The blockchain ecosystem continues to face significant security challenges, as highlighted by SlowMist’s May 2025 Security Report and their analysis of unrestricted large language models (LLMs) posing new risks to cryptocurrency security.
According to the SlowMist Hacked Archive, May 2025 saw Web3 security incidents resulting in approximately $266 million in losses, driven by 15 hacking incidents and widespread phishing attacks.
Meanwhile, the rapid rise of advanced AI tools, particularly unrestricted LLMs, is creating new vulnerabilities that could further destabilize the crypto landscape if left unaddressed.
Together, these developments underscore the urgent need for robust security measures in the evolving Web3 ecosystem
SlowMist’s May 2025 report paints a grim picture of the Web3 security landscape, with total losses reaching $266 million.
The 15 recorded hacking incidents caused $257 million in damages, though $162 million was successfully frozen or recovered, demonstrating the value of rapid response and on-chain tracing.
The report identifies smart contract vulnerabilities, oracle manipulation, and account compromises as primary causes of these breaches.
A standout incident was the attack on Cetus, a liquidity protocol on the SUI ecosystem, which suffered a staggering $230 million loss on May 22, 2025.
This attack exploited a mathematical overflow vulnerability in the protocol’s checked_shlw function, allowing the attacker to manipulate liquidity pools with just one token, resulting in billions in illicit gains.

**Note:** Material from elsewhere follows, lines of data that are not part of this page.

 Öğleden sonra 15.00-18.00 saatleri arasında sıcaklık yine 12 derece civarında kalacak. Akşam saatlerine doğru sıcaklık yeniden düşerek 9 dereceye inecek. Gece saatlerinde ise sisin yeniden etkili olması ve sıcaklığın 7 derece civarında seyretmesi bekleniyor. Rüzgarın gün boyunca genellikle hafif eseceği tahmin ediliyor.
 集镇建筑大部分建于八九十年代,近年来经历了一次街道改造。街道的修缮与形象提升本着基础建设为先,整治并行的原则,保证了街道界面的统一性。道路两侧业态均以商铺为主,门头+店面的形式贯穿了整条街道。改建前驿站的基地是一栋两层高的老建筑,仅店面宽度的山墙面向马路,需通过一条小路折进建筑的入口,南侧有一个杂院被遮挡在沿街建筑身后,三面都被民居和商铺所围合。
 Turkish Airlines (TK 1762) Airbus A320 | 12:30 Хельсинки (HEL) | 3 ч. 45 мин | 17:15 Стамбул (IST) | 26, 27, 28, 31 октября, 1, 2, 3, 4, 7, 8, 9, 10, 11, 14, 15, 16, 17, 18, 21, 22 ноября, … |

SlowMist’s analysis emphasizes the sophistication of this attack and urges developers to rigorously validate mathematical functions in smart contracts to prevent similar exploits.

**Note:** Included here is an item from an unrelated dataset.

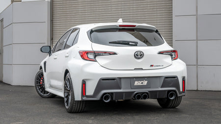 This 3" diameter Borla(r) Cat-Back(tm) system is designed specifically for the 1.6L engine in the GR Corolla. The system contains Borla(r)'s Polyphonic Harmonizer Technology which utilizes patented units that contain pipes of different diameters and lengths to create multiple exhaust notes that harmonize to deliver a clean, rich, full-bodied sound and the dual mufflers deliver the aggressive ATAK(r) sound with no drone. The system has an Active Exhaust Valve. It features 4 black coated T-304 stainless steel tips, 2) 3.5" round (center) tips and 2) 4.5" round (outer) tips. Systems with polished T-304 stainless steel tips, and carbon fiber tips are also available. Borla(r) Cat-Back(tm) & Axle-Back exhaust systems feature patented straight-through and multi-core technology to unleash hidden horsepower. Increased exhaust velocity adds power, driving excitement, fuel economy, and the distinctive Borla(r) Sound of Power respected by motoring enthusiasts everywhere. Each system is built from premium, high-quality T-304 austenitic stainless steel, superior to T-400 series knockoffs (such as 409), to give you the absolute best in performance and durability. Ultra-smooth mandrel bends ensure maximum flow & power, and precision computer numerical control (CNC) manufacturing ensures an accurate fit. Best of all, Borla(r) stands behind every system with a Million-Mile Warranty. Just what you'd expect from the world's most experienced (and most winning) exhaust brand. Give your GR Corolla the power and sound it deserves, bolt on a Borla(r).

Phishing attacks also contributed significantly to May’s losses.
According to Scam Sniffer, 7,164 victims fell prey to phishing scams, losing $9.63 million.

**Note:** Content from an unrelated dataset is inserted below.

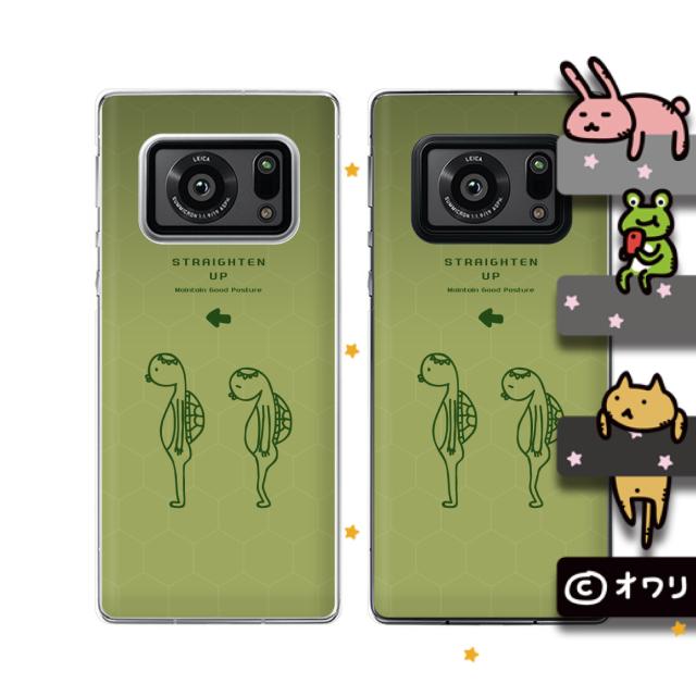 AQUOS R6 (docomo SH-51B / SoftBank) スマホ ケース ハード カバー オワリ 「姿勢の良いカッパ」 グリーン

These incidents highlight the persistent threat of social engineering in the crypto space, where attackers exploit user trust to gain access to funds.
SlowMist recommends that projects conduct regular security audits, implement comprehensive incident response plans, and educate users to verify information and avoid phishing traps.
The recovery of substantial funds in May underscores the importance of collaboration between security teams, exchanges, and blockchain analytics tools like MistTrack, which played a key role in tracing and freezing stolen assets.
Compounding these traditional threats is the emergence of unrestricted LLMs, as detailed in SlowMist’s update, Pandora’s Box: How Unrestricted LLMs Threaten Crypto Security.
Advanced AI models, such as OpenAI’s GPT series and Google’s Gemini, are transforming industries with their capabilities.
However, unrestricted versions of these models, which lack safety guardrails, are being exploited by malicious actors to target the crypto ecosystem.
These LLMs can generate highly convincing phishing messages, craft malicious smart contracts, and even exploit vulnerabilities in real time, lowering the technical barrier for cyberattacks.
SlowMist highlights how unrestricted LLMs enable attackers to automate sophisticated scams, such as creating fake investment opportunities or impersonating trusted entities.
For instance, North Korean hacker groups like Lazarus have reportedly leveraged these tools to enhance phishing campaigns, posing as legitimate firms to deceive crypto projects.
The accessibility of open-source LLMs further amplifies this threat, allowing even novice attackers to execute complex schemes.
SlowMist warns that without proper regulation and countermeasures, these models could exacerbate the already severe security challenges in Web3.
Both reports emphasize proactive measures to mitigate risks.
For traditional threats, SlowMist advocates for rigorous smart contract audits, enhanced access controls, and user education to combat phishing.
To address LLM-related risks, they recommend that projects adopt AI-specific security protocols, such as monitoring for anomalous transaction patterns and integrating advanced threat detection systems.
SlowMist’s partnerships with firms like Akamai and BitDefender, along with their tools like FireWall.x and MistEye, are critical in this fight.
The $266 million in losses in May 2025 and the growing threat of unrestricted LLMs highlight the dynamic and evolving nature of Web3 security risks.
As blockchain adoption grows, so does the sophistication of attacks.
SlowMist’s insights serve as a call to action for developers, users, and regulators to prioritize security, ensuring the blockchain ecosystem remains a safe space for innovation.